Founded by the federal government, the primary role of these companies is to expand the flow of mortgage funds in all communities, at all times, under all economic conditions to help lower the costs of home buying. Seems like it's time for Fannie and Freddie to rise to the occasion, but they still must lend responsibly.

Those questioning the increase in mortgage limits understandably wonder whether Fannie Mae and Freddie Mac can actually cover the new boundaries as currently the organizations support some $4 trillion in mortgage debt. Can they really back this and additional trillions?

No other single figure is as important on economic activity as interest rates. These determine the "cost" and availability of money and credit that drive the economy. Jobs, mortgages, inflation and investment returns are each dependent on whichever way interest rates move -- no wonder economists and financial talk show hosts are nearly obsessed with interest rate predictions and commentary.

In simplest terms, if rates rise, the "cost" of money increases and it becomes "expensive" to borrow. Banks and businesses can do less when their interest expense increases. When rates decline, money becomes "cheaper" to borrow and interest expenses drop as well, meaning more money is available for investment. This creates businesses and jobs, sells homes, helps the country in its balance of trade and puts less pressure on governments to raise taxes.

So which way are rates going? Lately down. This will definitely help those with a firm financial footing and who are in the market for a mortgage. They will be able to borrow money cheaply.

Those having difficulty getting a loan from a bank for a home may now be able to get one from one of these two, private companies -- Fannie Mae and Freddie Mac. This will probably help jumpstart home sales because part of the problem of this new real estate environment is the inaction of banks, many of which are still feeling the sting of the subprime slowdown.

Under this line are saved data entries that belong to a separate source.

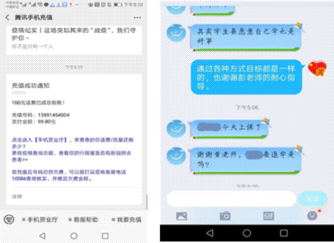 图为2018级辅导员黄彦军老师为保证员工顺利上课的话费充值记录及课后跟踪员工上课情况与任课老师的对话记录。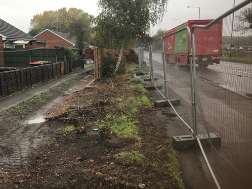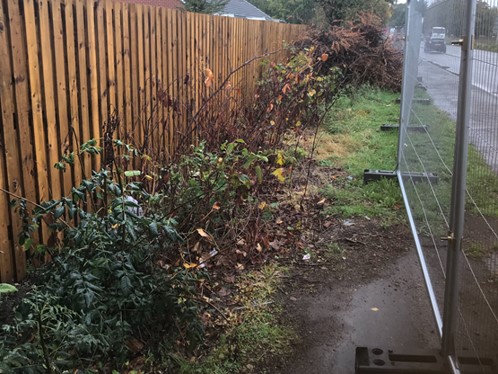 I informed our client at time of survey that to enable works, Highways would need to be notified due to close proximity of public footpath and barrier fencing would need to be installed to create a footpath on the road for members of the public. A tree that was approximately 10 metres tall would need to be cut down, which again, permission would need to be sought to cut down prior to our arrival. All fence panels and the line of bricks (wall) would also have to be taken away prior or during the excavation. Due to a public footpath running along both sides of the infestation, permission would have to be sought to dig into the areas which hopefully (I informed) would not cause any issues. Due to the area being next to a main road, the hole once we excavated would need to be back filled due to Health and Safety.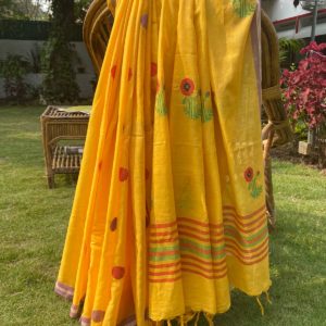 • Pure cotton hand woven saree with 52 extra weft butis.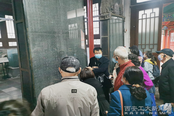 参观过程中,虽是细雨绵绵,但老教授们的热情高涨,每到碑刻前,有的驻足端详,有的聚精会神研究,有的用手机查阅资料,认真听取讲解,不时向讲解员提问和交流探讨,每个人都沉浸在博大精深的中国书法艺术当中。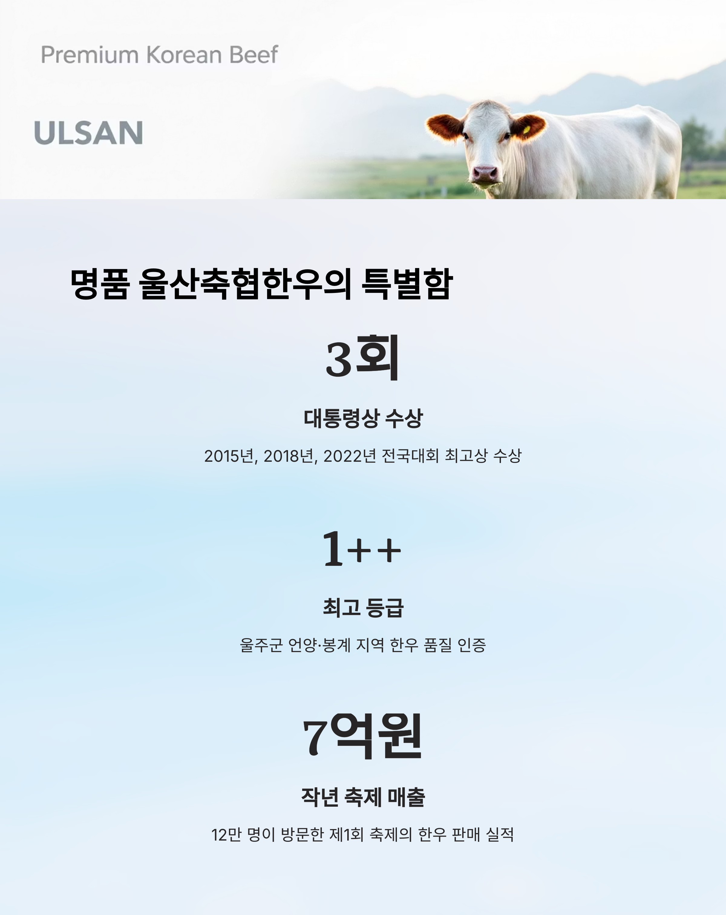 이 브랜드는 단순히 좋은 고기를 판매하는 것에 그치지 않아요. 사육부터 유통, 판매까지 모든 과정에서 지역 조합원이 참여하고, 직접 생산해낸다는 점에서 신뢰와 안전성이 높다는 평가를 받고 있어요. 그래서 전국의 식당이나 정육점에서도 울산축협한우는 ‘믿고 먹는 고기’로 통하죠.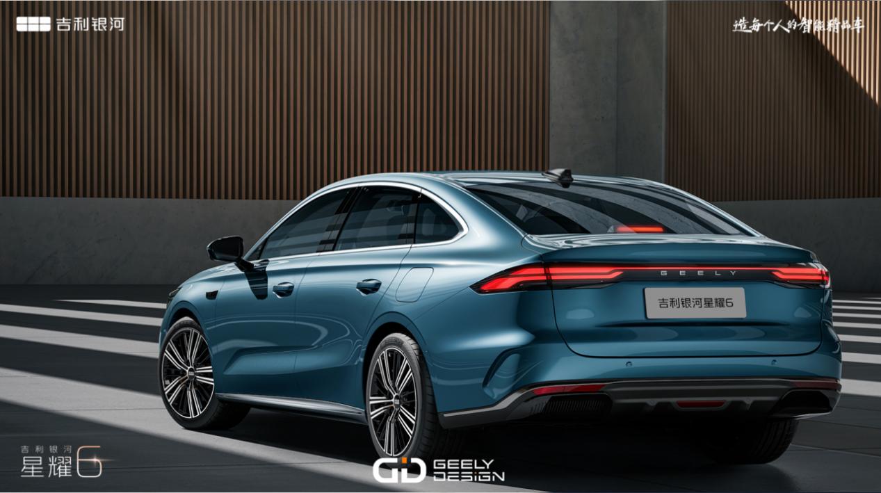 8月27日,吉利银河新能源发布旗下全新中型轿车——银河星耀6的图片。该车将搭载全新一代雷神AI电混2.0技术,配备容量为17kWh的电池包,纯电续航里程可达125公里。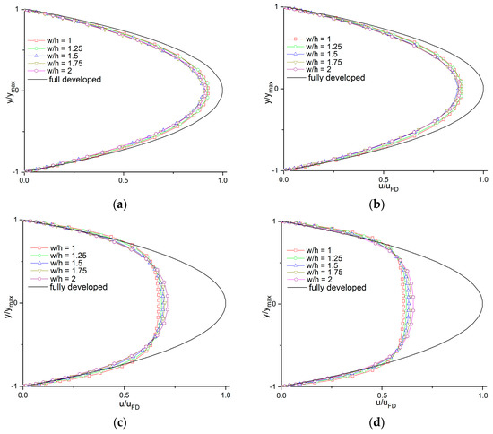 The velocity profiles at the entrance (x = 0) of the five channels with different aspect ratios (w/h) are shown in Figure 4, and they are compared with the theoretical fully developed velocity profile, which is shown as a black solid line. In the plots, the vertical distances (y) are normalized with the half-height of the channel ( y m a x ), while the axial velocities (u) are normalized with the theoretical maximum axial velocity ( u F D ), which is considered as the fully developed velocity at the centerline.

Actions such as lowering interest rates take time to affect the general economy but ultimately should have a greater impact on it than one-time rebate payments. These may temporarily help retailers but probably will not do much for middle-income homeowners struggling with mortgage payments. What's really needed to help get our financial houses in order is a prescription that will cure Americans from their addiction to risky debt.

Encouraging consumers to run to the mall will only put many of them deeper into the financial mess they're already in. Unwise spending is exactly what's responsible for the current "near recession." It is precisely not what middle-income Americans need when compared to the rising price of energy and education, a muddled heath care system and a questionable future for Social Security.

Nor will it help lower the debt caused by our fighting in Iraq and Afghanistan. At about the same time we receive our rebate checks we'll also be getting income tax refunds -- putting the combined bonus at around $3,000 -- about the price of a decent family vacation or a down payment on a new car that we might otherwise not be able to afford and probably shouldn't buy.

For those whose financial foundations are not very secure, when the rebates arrive, before heading to the mall, think of what the rich do and how they got there. Consider it a one-time gift that's to be used where it will do the most good -- knock down some debt, help a young person pay their student loan, make some energy-efficiency upgrades in your home, or invest it in a tax-advantaged bond or mutual fund.


Mark Hall is an independent financial adviser with Market Street Advisors in Smithfield.